**** Data for review

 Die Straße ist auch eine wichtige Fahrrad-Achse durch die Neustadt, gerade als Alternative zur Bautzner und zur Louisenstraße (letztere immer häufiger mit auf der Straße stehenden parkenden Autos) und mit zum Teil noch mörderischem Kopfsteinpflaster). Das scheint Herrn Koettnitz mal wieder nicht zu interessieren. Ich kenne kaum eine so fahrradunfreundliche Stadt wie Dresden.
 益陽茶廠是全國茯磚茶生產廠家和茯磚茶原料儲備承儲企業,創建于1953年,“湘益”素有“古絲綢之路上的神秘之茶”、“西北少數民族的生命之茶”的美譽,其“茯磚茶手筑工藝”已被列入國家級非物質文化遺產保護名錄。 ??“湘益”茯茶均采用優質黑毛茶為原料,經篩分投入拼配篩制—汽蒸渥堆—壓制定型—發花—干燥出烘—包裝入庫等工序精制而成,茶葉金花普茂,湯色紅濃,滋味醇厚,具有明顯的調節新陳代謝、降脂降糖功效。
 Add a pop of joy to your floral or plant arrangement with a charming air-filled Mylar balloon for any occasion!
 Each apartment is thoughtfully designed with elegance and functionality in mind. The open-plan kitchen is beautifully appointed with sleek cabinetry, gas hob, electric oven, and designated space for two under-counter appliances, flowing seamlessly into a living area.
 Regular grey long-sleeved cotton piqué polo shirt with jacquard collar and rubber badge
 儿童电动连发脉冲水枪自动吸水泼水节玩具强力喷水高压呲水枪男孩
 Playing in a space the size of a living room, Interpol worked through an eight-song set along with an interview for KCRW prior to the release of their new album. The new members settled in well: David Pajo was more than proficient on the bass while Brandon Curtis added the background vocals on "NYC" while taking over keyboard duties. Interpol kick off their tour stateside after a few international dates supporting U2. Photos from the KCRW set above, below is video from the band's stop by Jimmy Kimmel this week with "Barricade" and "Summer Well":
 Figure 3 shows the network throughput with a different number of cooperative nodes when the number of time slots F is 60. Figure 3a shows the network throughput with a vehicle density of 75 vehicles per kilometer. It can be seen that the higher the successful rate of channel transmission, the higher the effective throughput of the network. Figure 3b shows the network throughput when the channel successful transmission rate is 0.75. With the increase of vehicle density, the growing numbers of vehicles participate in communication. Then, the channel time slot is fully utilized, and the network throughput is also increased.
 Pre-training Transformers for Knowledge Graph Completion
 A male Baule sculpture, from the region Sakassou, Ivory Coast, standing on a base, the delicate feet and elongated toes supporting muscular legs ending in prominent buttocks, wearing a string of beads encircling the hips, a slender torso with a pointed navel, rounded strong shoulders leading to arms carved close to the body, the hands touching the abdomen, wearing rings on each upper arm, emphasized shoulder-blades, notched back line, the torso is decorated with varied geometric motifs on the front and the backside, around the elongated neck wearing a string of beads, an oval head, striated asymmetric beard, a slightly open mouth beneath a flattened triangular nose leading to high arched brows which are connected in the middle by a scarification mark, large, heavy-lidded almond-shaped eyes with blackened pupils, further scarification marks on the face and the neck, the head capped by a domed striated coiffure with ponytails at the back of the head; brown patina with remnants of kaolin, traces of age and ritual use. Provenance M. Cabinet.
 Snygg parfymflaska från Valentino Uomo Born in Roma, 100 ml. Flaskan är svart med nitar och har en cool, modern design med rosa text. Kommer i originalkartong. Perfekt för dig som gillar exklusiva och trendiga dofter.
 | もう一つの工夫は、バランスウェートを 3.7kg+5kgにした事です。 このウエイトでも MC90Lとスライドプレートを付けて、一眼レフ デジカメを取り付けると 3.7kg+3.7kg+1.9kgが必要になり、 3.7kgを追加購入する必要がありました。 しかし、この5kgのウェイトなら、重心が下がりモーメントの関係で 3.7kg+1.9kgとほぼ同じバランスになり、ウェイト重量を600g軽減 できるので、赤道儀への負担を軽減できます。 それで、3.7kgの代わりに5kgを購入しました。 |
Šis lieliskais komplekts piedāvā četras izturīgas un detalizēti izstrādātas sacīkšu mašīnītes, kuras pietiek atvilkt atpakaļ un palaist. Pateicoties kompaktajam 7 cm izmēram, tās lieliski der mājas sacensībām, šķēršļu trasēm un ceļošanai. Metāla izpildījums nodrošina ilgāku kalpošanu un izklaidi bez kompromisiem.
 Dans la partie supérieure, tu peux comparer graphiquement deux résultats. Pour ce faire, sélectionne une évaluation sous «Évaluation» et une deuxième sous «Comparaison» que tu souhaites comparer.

********

- Exercise objective
Whenever "space" occurs in a line of the entries, copy that line.

- Response area
 Each apartment is thoughtfully designed with elegance and functionality in mind. The open-plan kitchen is beautifully appointed with sleek cabinetry, gas hob, electric oven, and designated space for two under-counter appliances, flowing seamlessly into a living area.
 Playing in a space the size of a living room, Interpol worked through an eight-song set along with an interview for KCRW prior to the release of their new album. The new members settled in well: David Pajo was more than proficient on the bass while Brandon Curtis added the background vocals on "NYC" while taking over keyboard duties. Interpol kick off their tour stateside after a few international dates supporting U2. Photos from the KCRW set above, below is video from the band's stop by Jimmy Kimmel this week with "Barricade" and "Summer Well":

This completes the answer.